Researchers have tested the prior standard entropy values to separate irregularity into categories of randomness versus complex coordination underlying a measured signal.2 Studies of arrythmia subjects and healthy controls have shown questionable results, often failing to differentiate the chaotic nature of the arrythmia ECG signals from those of young healthy subjects.3, 4 As arrythmia is an example of a poorly adapting system with highly random interbeat intervals, a scientifically reliable entropy metric must show ability to differentiate this chaotic signal from healthy subjects, as well as from elderly subjects, which are on the opposing end of the regularity spectrum, exhibiting rigid periodicity.
Until recently it has only been possible to show greater levels of irregularity. It was impossible to determine if a change in irregularity was a positive or a negative for the living system. Using the three entropy metrics provided by this website, it is now possible to understand the level of healthy coordination in a subject. This is of utmost importance in pre-/post-intervention research, as it can now be shown if an intervention offers an increased level of healthy coordination in subjects.

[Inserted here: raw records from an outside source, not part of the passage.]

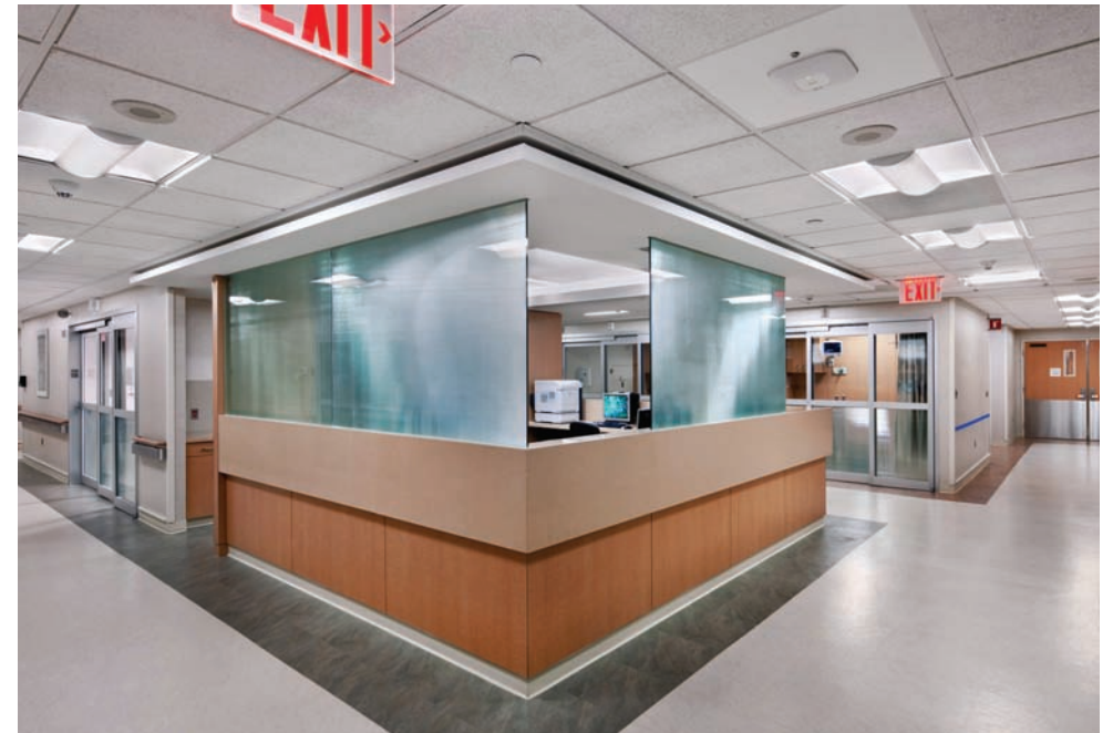
Pre/Post Op Clinicians Station

In this ambulatory care setting where patients walk to their procedures often accompanied by family members in the Pre and Post Op area, special attention was given to the design of work areas that provide quiet and privacy for the staff as well as opportunities for oversight and access by the patient.
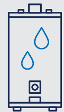
STORAGE TANK WATER HEATER
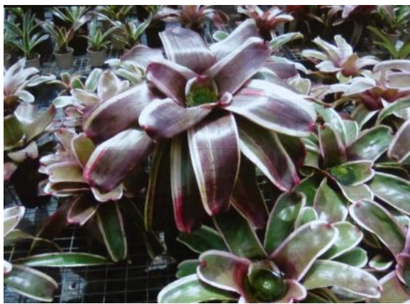
A very large Neoregelia hybrid
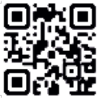
Symbiosis Central Alumni Portal
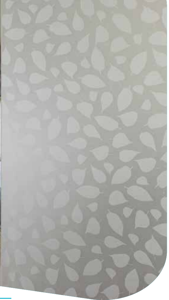
Bay™ Opal Privacy Level 5
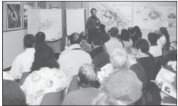
Comments on habitat restoration were received at BARC's Community Workshop.

BARC's Annual Implementation Award was presented to McMaster University for its immense contributions and research activities on the Hamilton Harbour and Cootes Paradise marsh restoration projects. McMaster also generously provides BARC with office and resource library space in the Life Science Building.
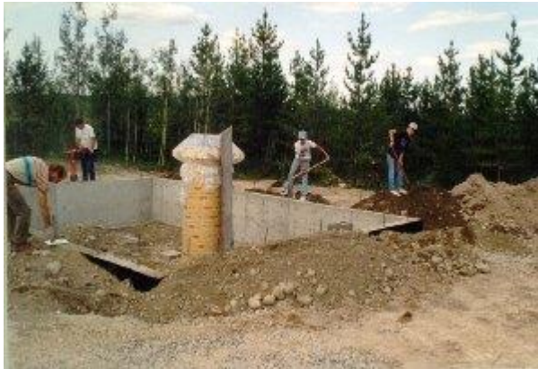
Above: Construction of the new Observatory on July 1992

In the summer of 1992, construction of a new observatory near West Lake began . During the spring of 1993, the PGAS received funds from the Science Council of British Columbia to help with the completion of the Observatory. On August 6, 1993 the Prince George Astronomical Observatory (PGAO) was opened to the public
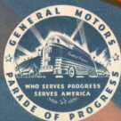
Chairman GENERAL MOTORS CORPORATION

There is cause for confidence in our ability to meet the responsibilities that face us. Through a broad understanding of the means at our command and through the cooperation of all, we can not only raise impregnable ramparts of defense, but we can secure and ultimately advance our way of life for tomorrow. Thus America will gain a strong right arm and a powerful constitution to back it up.
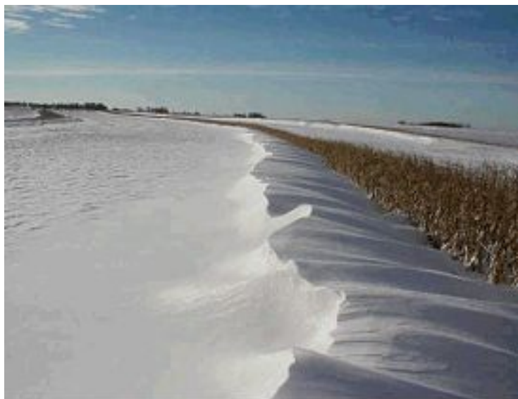
Figure 9-1. Living Snow Fence, courtesy University of Minnesota and Minnesota DOT.

Snow fences come in many different varieties and forms. There are the traditional wood fences, high-density polypropylene fabric, extruded polyethylene and even living snow fences. Living snow fences are designed plantings of trees and/or shrubs and native grasses located along roads or around communities and farmsteads. Properly designed and placed, these living barriers trap snow as it blows across fields, piling it up before it reaches a road, waterway, farmstead or community.
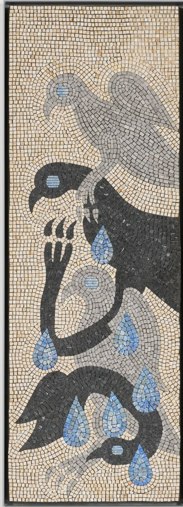
Untitled, 2024 marble, travertine, lapis lazuli, cement, iron 125 x 46 x 4 cm (framed) 49 ¼ x 18 ⅛ x 1 ⅝ inches (ANTUE-2024015)
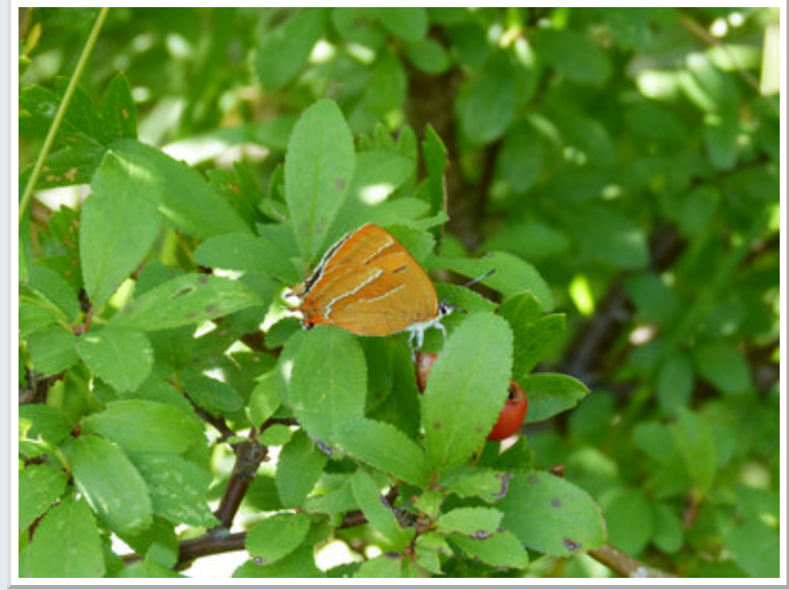
Brown Hairstreak at Steyning Rifle Range

Brown Hairstreak at Steyning Rifle Range. It was actually quite hard to photograph as it worked its way around the bush.
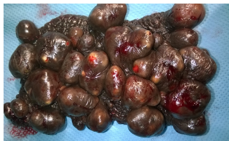
Figure 3: Resected specimen.

The closure of the scrotum is carried out using an overedge stitches of 2/0 vicryl with no scrotal drainage. Histopathological examination of the surgical specimen revealed under scrotal acanthosis the presence of intradermal calcium dystrophic lesions of varying sizes lined with epithelial and connective tissues (Figure 4).
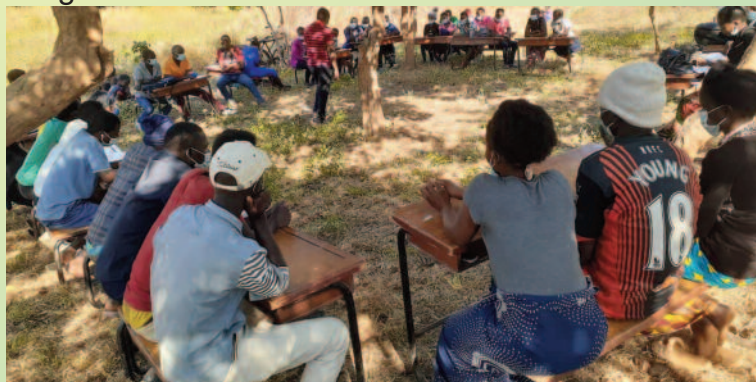
A community meeting on GBV in progress

About 30 community members attended the session which was spiced up by drama as well as traditional songs and dances.
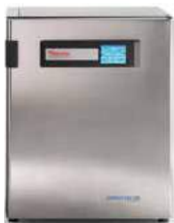
External stainless steel option for easy cleaning and GMP environments

* Factory installed options may only be added to single chamber unit part numbers.
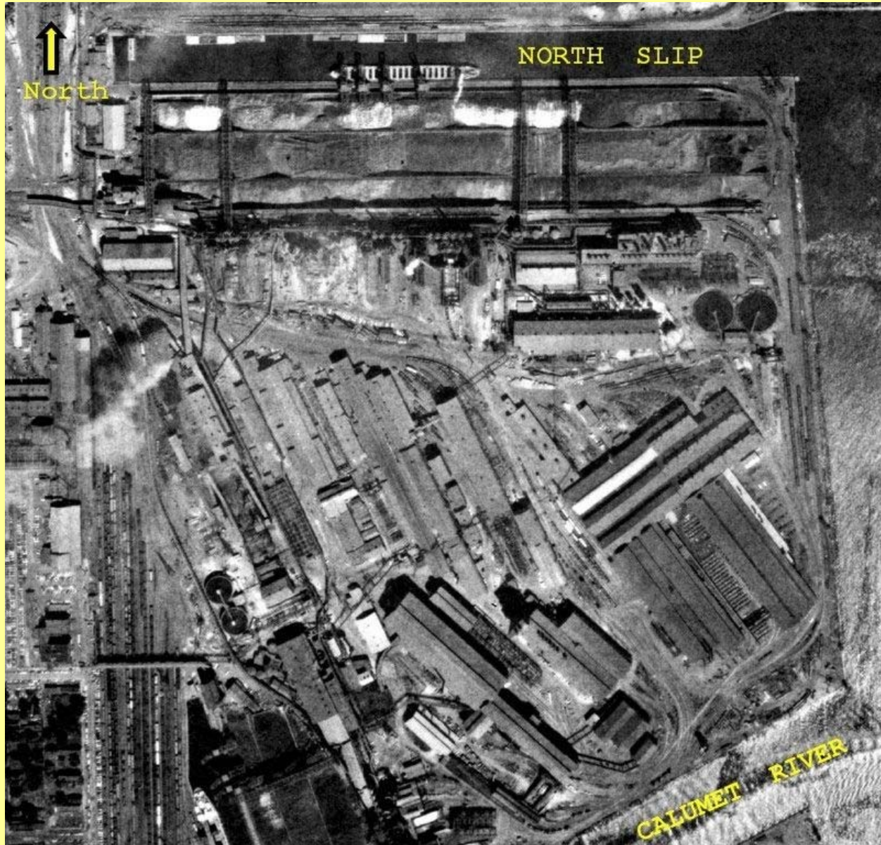
South half of site, steel operation in full production
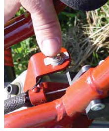
3 Flip kill switch to "ON" position.
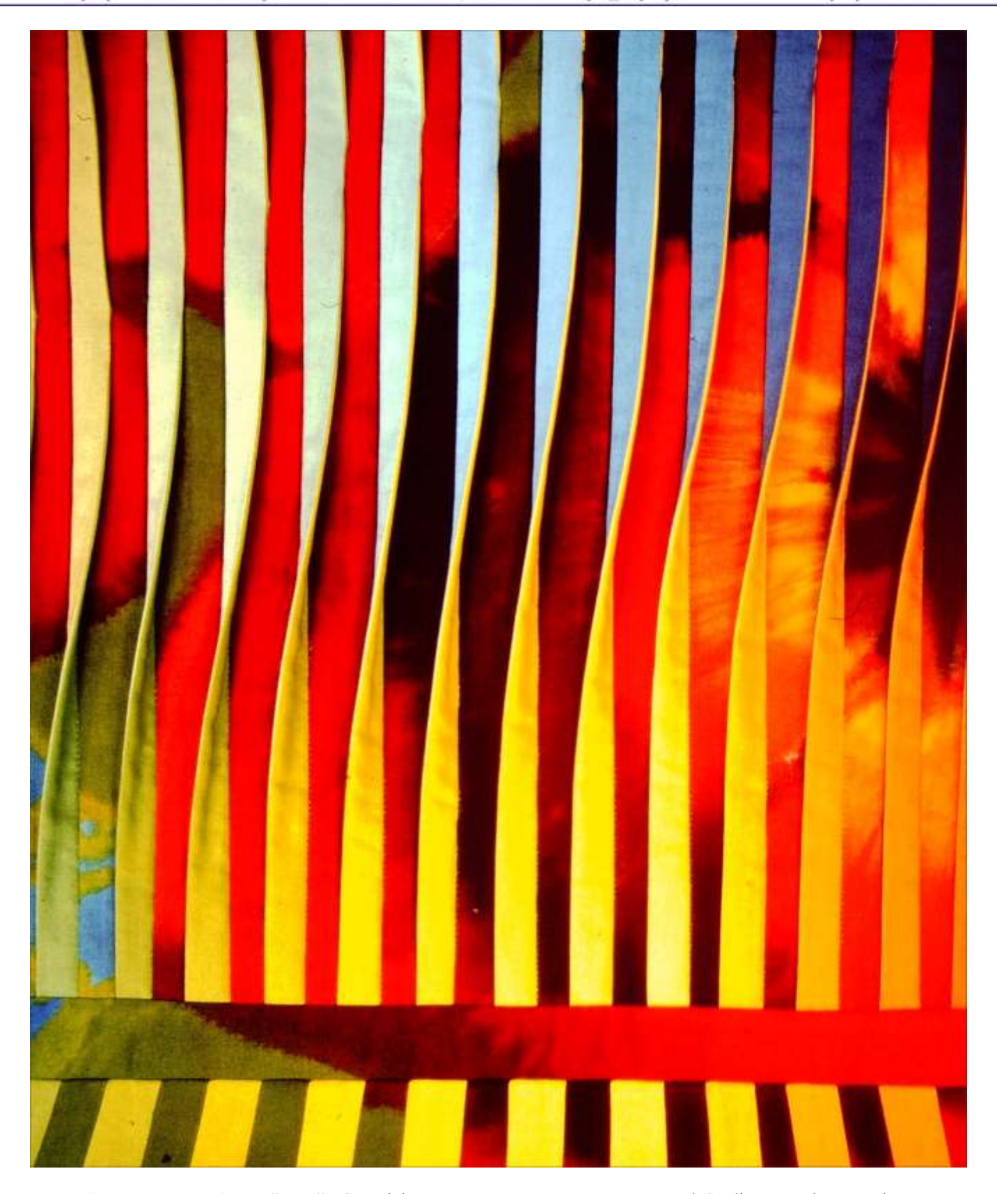
Reflection #16 (detail) • 40" x 48" • Copyright 1991 Caryl Bryer Fallert • Bryerpatch Studio • www.bryerpatch.com

Bryerpatch Studio • 10 Baycliff Pl. • Port Townsend, WA 98368 • caryl @bryerpatch.com • www.bryerpatch.com

It also allows a window to comprehend why some medically-diagnosable states, such as nocturnal enuresis, eating disorders, or duodenal ulcers tend to exhibit a higher HRV than controls groups free of those issues. Our own pilot investigation has shown that Chiropractic intervention reduces HRV in enuretics, but increases complexity. This suggests that increased HRV in these unhealthy states may actually be irregularity of a more chaotic and random coordinative level of lost health. Differentiating rigid periodicity, from complex variability, from tending toward randomness, is a research opportunity that allows new calculations to be done, even on prior research time-series publications, that would quite easily provide new publications and contribute to a newly growing body of data.
The inability to distinguish complexity from randomness is an accuracy weakness of prior entropy metrics that we have called into question earlier. A second failing is the common need for signal samples of up to many hours in length to provide reliable results for heart rate dynamics.5,6,7 The need for entropy measures requiring far shorter samples was obvious. Samples of < 5 minutes are more ideal for both simplicity of recordings, and decreased opportunities for artifacts to occur. Early testing of the metrics we offer on this site have shown a very similar entropy results down to lower than fifty consecutive intervals. Other methods using time-series gathering, such as EEG, showed good results in testing here as well. EEG samples of only 24 seconds may have over 4,000 samples.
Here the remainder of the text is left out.